Robert Stephenson Smyth Baden-Powell
What is obvious in the coffee kitchen is not always so easy to see in the work of teams. Nevertheless, it is usually the case that the team bears joint responsibility for the results and that there are always some activities that are less willing to be taken on. Until their neglect becomes a problem, e.g., because nobody in the DevOps team took care of the security and now everything is full of holes like Swiss cheese. Or because the aspects of stable operation have been neglected and the IT system now runs correspondingly unstable.
So far, so familiar. And the classical reaction is also sufficiently familiar: Clear and above all personalized responsibility is needed. This is the birth of the coffee kitchen officer, who will henceforth be held accountable for the condition of the dishwashers in his area of responsibility. The same applies to the IT security officer in the team and, of course, to the operations manager and many others who follow this path to organized irresponsibility.
Because no one cares, a person in charge is appointed, a “single wringable neck”, who has to take care of the matter under threat of consequences. So once again, it seems, the negative conception of man known as Theory X has been confirmed: people are lazy, selfish and irresponsible.
We were not lectured about the responsibility to bear, that simply emerged in the community.
Marion Gräfin Dönhoff
Of course, transparency regarding who takes on which tasks is a good thing. But effective teams manage this allocation in a self-organized way and adapt it on the fly according to needs and competencies. However, this requires a great deal of maturity on the part of the team and the people. And it requires a feeling of belonging together, responsibility for the common mission and, in particular, psychological safety. As a member of the community, I must be able to rely on that everyone cares for the whole and for the other members as deeply as I do. Only with the certainty that all others would do the same for me or for the common cause, I am ready to engage myself for the “we” over and above my selfish concerns.
With theory X and its negative conception of man as a basis, however, one moves one step further away from this ideal with every personalized responsibility. The coffee kitchen officer will never become a scout. On the contrary.
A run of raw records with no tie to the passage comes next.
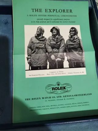 Brochure originale Rolex The Explorer dedicata ai conquistatori dell'Everest. Libretto vintage molto raro ed in ottime condizioni - The Explorer A Rolex Oyster Perpetual Chronometer. - Specialmente progettato per scopi spedizionari. - Foto dei conquistatori dell'Everest: Sir Edmund Hillary, Brig. Gen. Sir John Hunt, Sherpa Tensing G.M. - The Rolex Watch Co. Ltd. Geneva-Switzerland (H. Wilsdorf, Founder & Chairman). - Elenco delle sedi Rolex nel mondo.
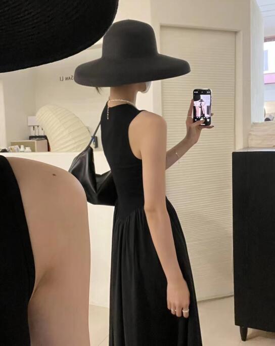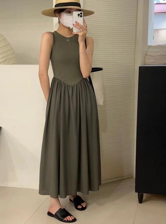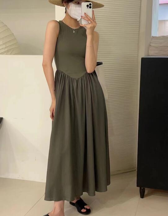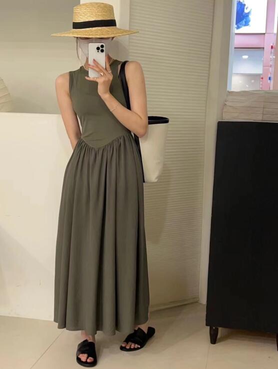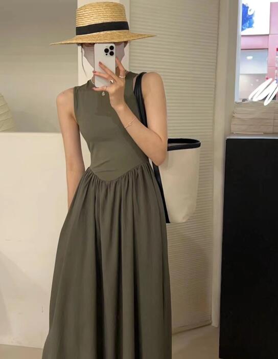 エレガントな女性らしさを演出するノースリーブのロングワンピースです。
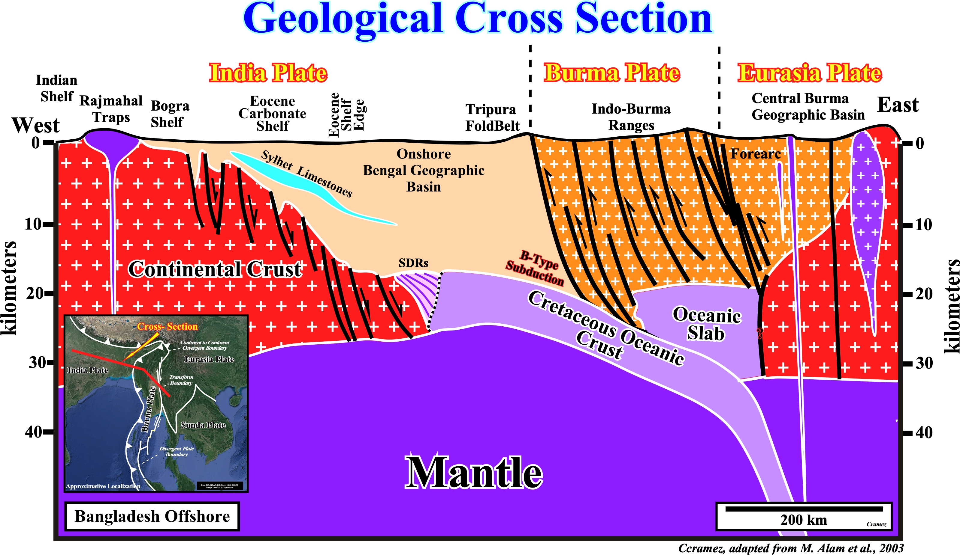 On this geological cross section, the collision between the Eurasia, Indian and the Burma plates is, here, underlain by a B-type subduction (Benioff) in which the Cretaceous volcanic crust (sub-aerial, i.e., SDRs and oceanic) of the Indian plate plunges under the Eurasian Plate (see SDRs in next plate). However, the Bengal geographic basin corresponds, mainly, to a foredeep basin (perisutural basin built up at the periphery of the megasuture, in association with the A-type subduction of the Indian and Eurasian plate) and, partially to a fold belt (Tripura fold belt) induced by collision of the Indian plate with the Burma plate (Burma ranges).. The Central Burma geographic basin, located in the Eurasia plate, and individualized from the Burma plate by a transform boundary, corresponds to the forearc basin originated, probably, by the B-type subduction of the Indian Cretaceous oceanic crust.
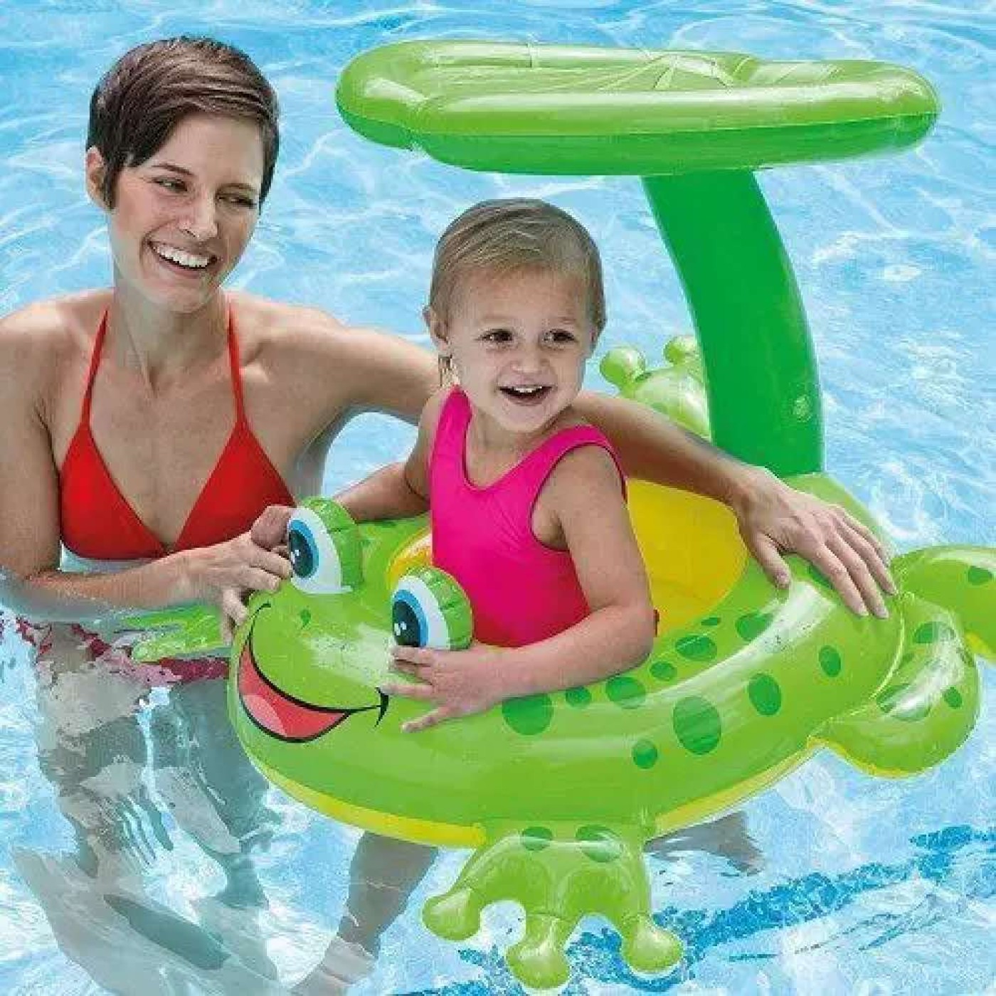 » Boia Bote Sapinho com entrada para as perninhas e cobertura que protege do sol. Agora os dias de verão ficarão mais animados com esse lindo e colorido bote que irá fazer a diversão da garotada nesse verão. Pensado especialmente para segurança dos pequenos em piscinas pois possui abertura para as perninhas da criança e uma cobertura para proteção solar. Deixando os momentos entre pais e filhos mais alegres e divertidos. É sempre bom ter um adulto supervisionando a criança.
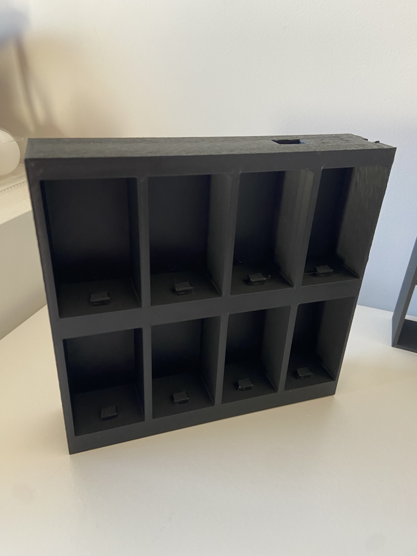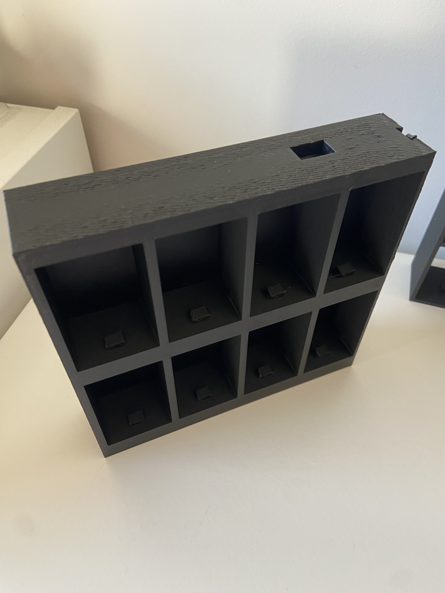 • Estrutura organizadora preta com oito compartimentos sobre superfície branca
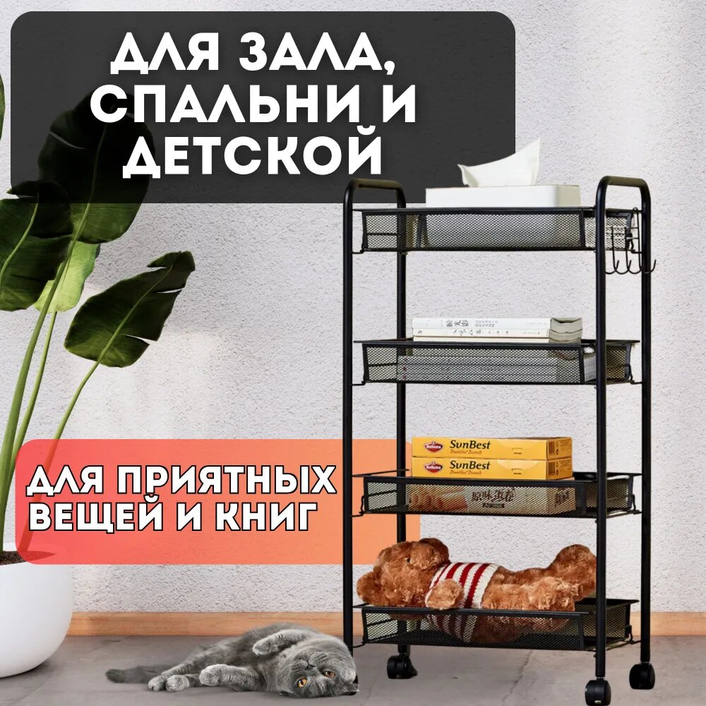 Этажерка Allinside на колесиках, металл, 4 уровня, чёрная интересное:
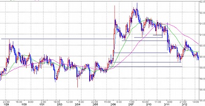天井となって高値保ち合い後、行って来いで91.80円どころの保ち合いに
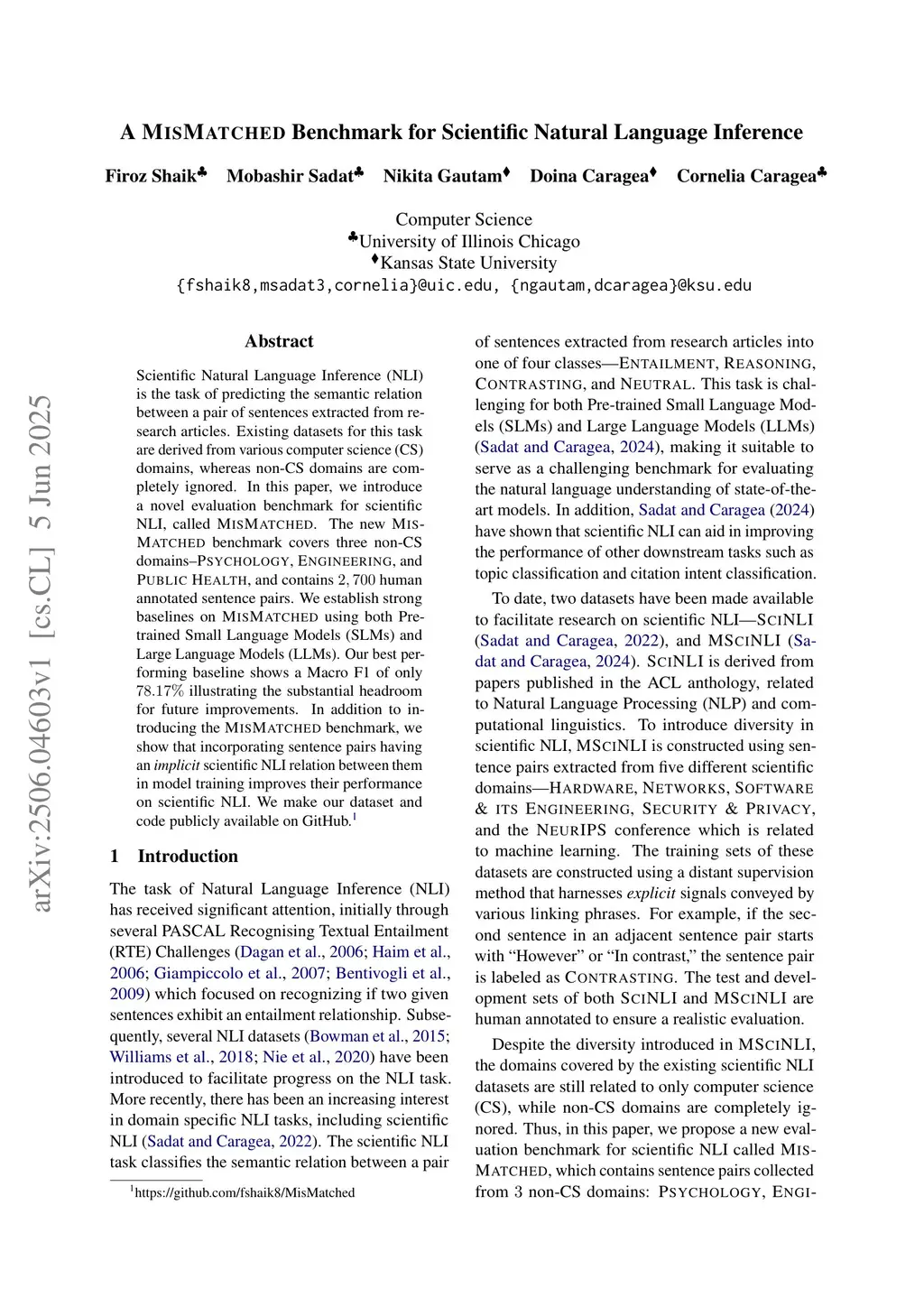A MISMATCHED Benchmark for Scientific Natural Language Inference

He will selfishly take care of exactly what he is held responsible for. And if there is paper on the floor in the toilet next to the kitchen, he will not care. And then, of course, the toilet manager is needed, and so fate takes its course.
As long as you need heroes or culprits to explain a situation convincingly, you haven’t understood it yet.
Gerhard Wohland
So instead of pushing this organized irresponsibility to its extreme with ever more refined, clearly defined roles with personalized responsibility, it is necessary to go to the root of the problem: the increasing individualization, the resulting lack of a sense of belonging, the absence of a jointly supported mission and, last but not least, the lack of psychological safety, without which lone fighters will not become a team.